Note-this is my first android/smartphone.

Nandroids are very valuable to me. I had made a really dumb mistake and saved a rom onto the internal sdcard during UNL3ASH3D and ended up with a non-bootable system.

I used 1 click restore to stock.
Root the phone.
Install BionicBootstrap(CWM).
Reboot using BionicBoostrap, select Restore
Select the Nandroid I wanted to restore.

It was an exact disk image. The longest part of the process was collecting the software and carefully reading to understand the process(quite easy really) and get the method step-by-step.

Hope that helps.

JimDandy


----------



## marleyinoc (Oct 10, 2011)

2defmouze said:


> Since I've been living on the edge and not really making these I don't know a lot about how useful they are.. Don't get me wrong I have a couple I made, notably after I finally got 5.7.893 fully running I made a nandroid of it before flashing SHIFT3R. But I've definitely never had to restore from one and I'm just wondering how reliable they generally are for getting your phone back to complete functioning order of when you made the backup.
> 
> I'll be specific as to what I want to do it for in case that will help... I'd like to flash the D3BLURR Tpack, however I know that you need to reflash the base if you want to try something else since it removes all blur stuff completely, hence re-setup everything. So I'm simply wondering if I make a nandroid of my system with 2.0 running, flash D3 and don't like it, can I expect to get back to pre-D3 state


Yes. Via clockwork recovery (either via bootstrap or rom mgr etc) Wipe data cache and dalvik. Format system for good measure, though I never did that on og droid, and your nandroid will take you right back to where you were when you backed up.

Well. With locked bootloader if you change kernel/radio via stock recovery that part wouldnt revert with restore of nandroid but don't sweat that.


----------



## 2defmouze (Oct 12, 2011)

marleyinoc said:


> Yes. Via clockwork recovery (either via bootstrap or rom mgr etc) Wipe data cache and dalvik. Format system for good measure, though I never did that on og droid, and your nandroid will take you right back to where you were when you backed up.
> 
> Well. With locked bootloader if you change kernel/radio via stock recovery that part wouldnt revert with restore of nandroid but don't sweat that.
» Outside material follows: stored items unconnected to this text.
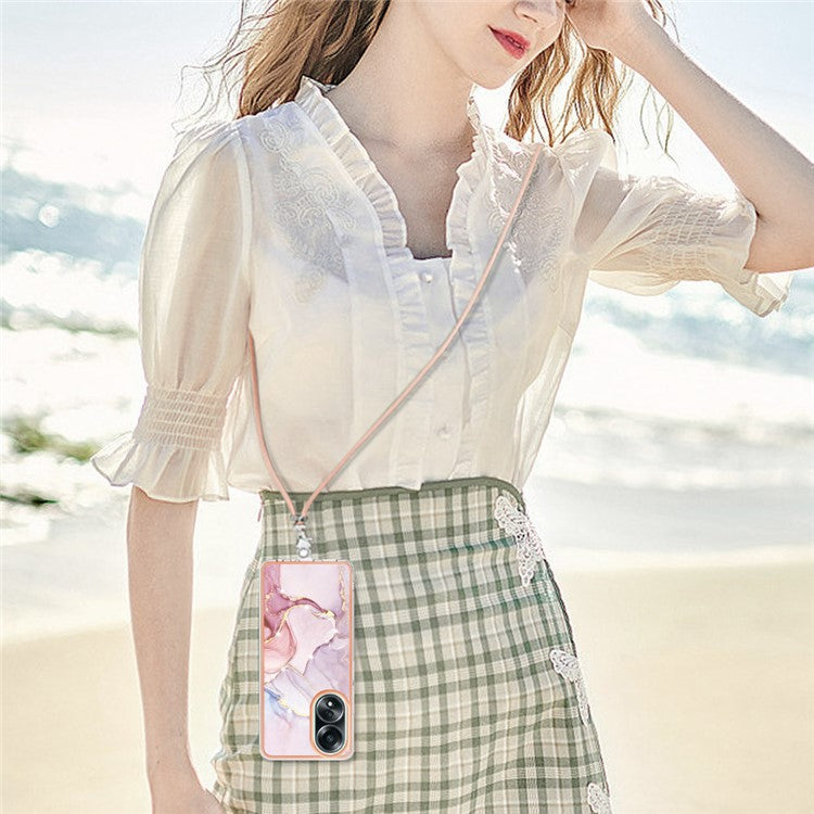 YB IMD Series-9 For Oppo A58 4G Phone Cover Electroplating Marble Pattern IMD TPU Case - Rose Gold 005
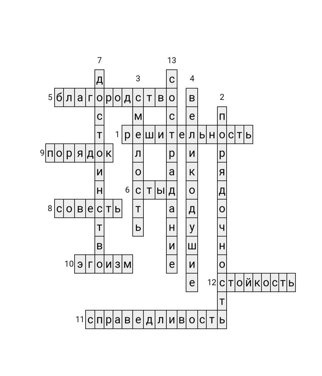 Составить кроссворд из слов: порядочность, порядок, справедливость, стойкость, смелость, решительность, благородство, достоинство, великодушие, совесть, стыд, сострадание, эгоизм.
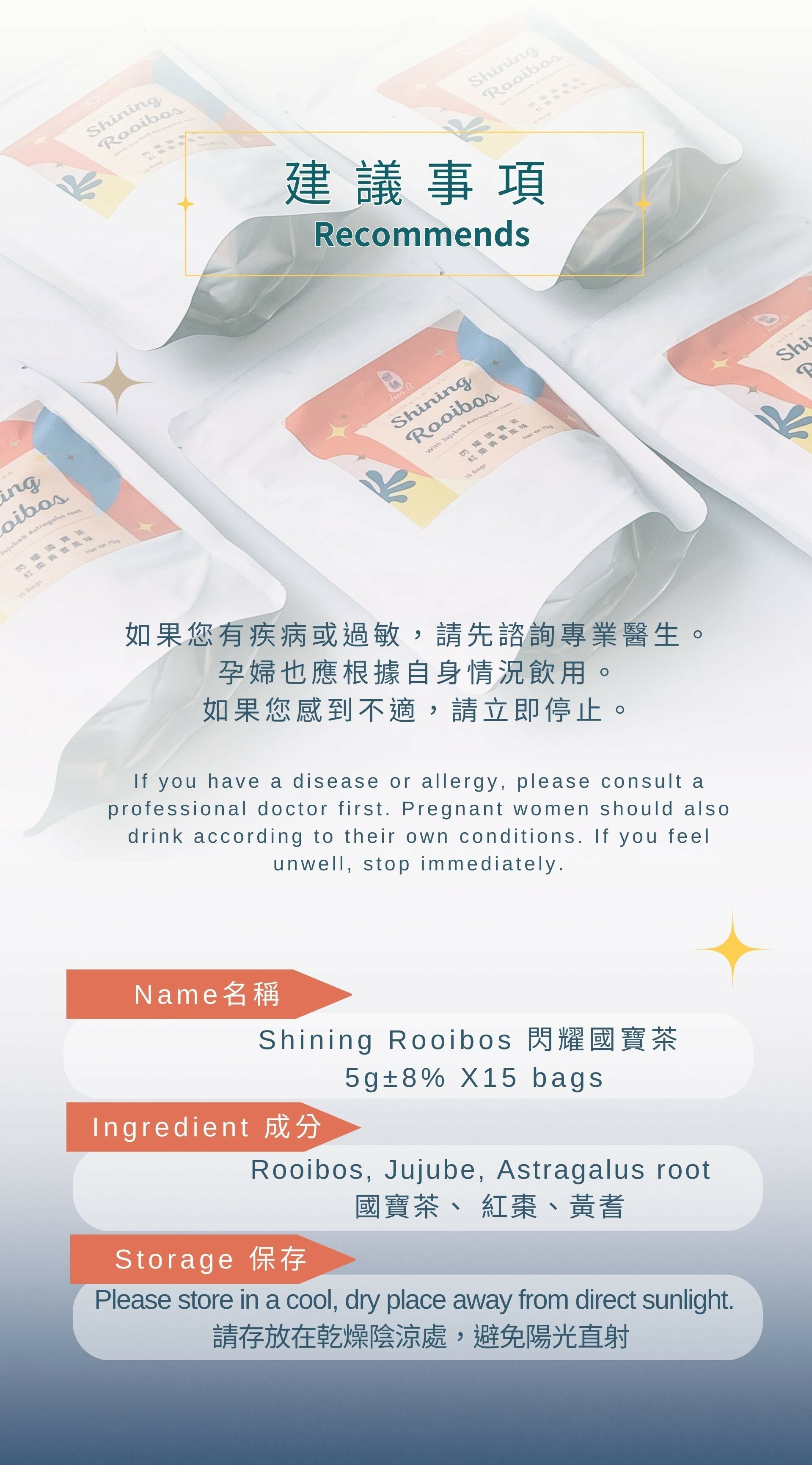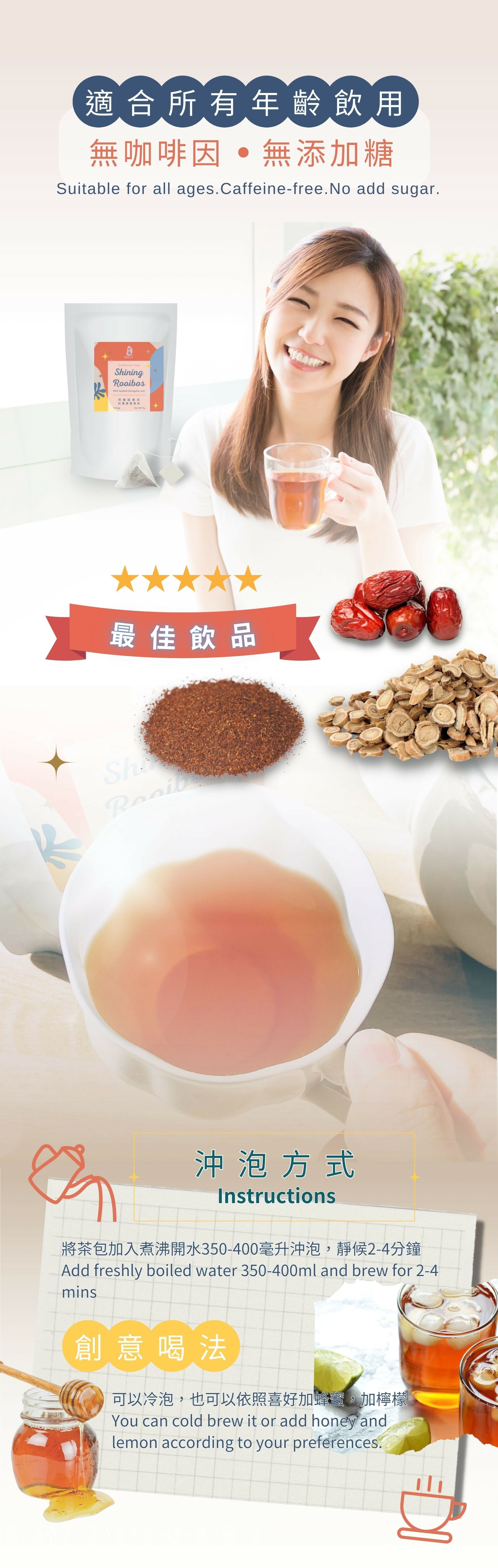 不含添加劑和防腐劑,不含咖啡因適合所有年齡層的人飲用,孕婦和哺乳期婦女(請視個人情況諮詢醫生意見)。

Yes I've been at it long enough to get that last part, lol. But yeah this is my first android phone as well so I try to learn as much as I can and be as helpful as possible since the only reason I am where I am is because of the community.. Obviously still have some noobish questions here and there









Thanks for the response. So sounds like a nandroid made right before D3 blurring would be just fine to restore to in case I want to try something else without having to worry about a full reflash and re-setup? Great to know

Sent from my DROID BIONIC using RootzWiki Forums


----------



## hackercity (Jun 10, 2011)

Ive had multiple restores fail because of MD5 mismatches. 
I will backup a rom. Restore a stock version or Liberty. Even Th3ory has failed multiple times. 
I have been flashing ROMS and making backups on an OG Droid, DroidX and the Thunderbolt. I have never had so many fails. 
Even a straight download from my phone fails. I have to download from a PC than copy to my sdcard. Even dropbox transfers fail.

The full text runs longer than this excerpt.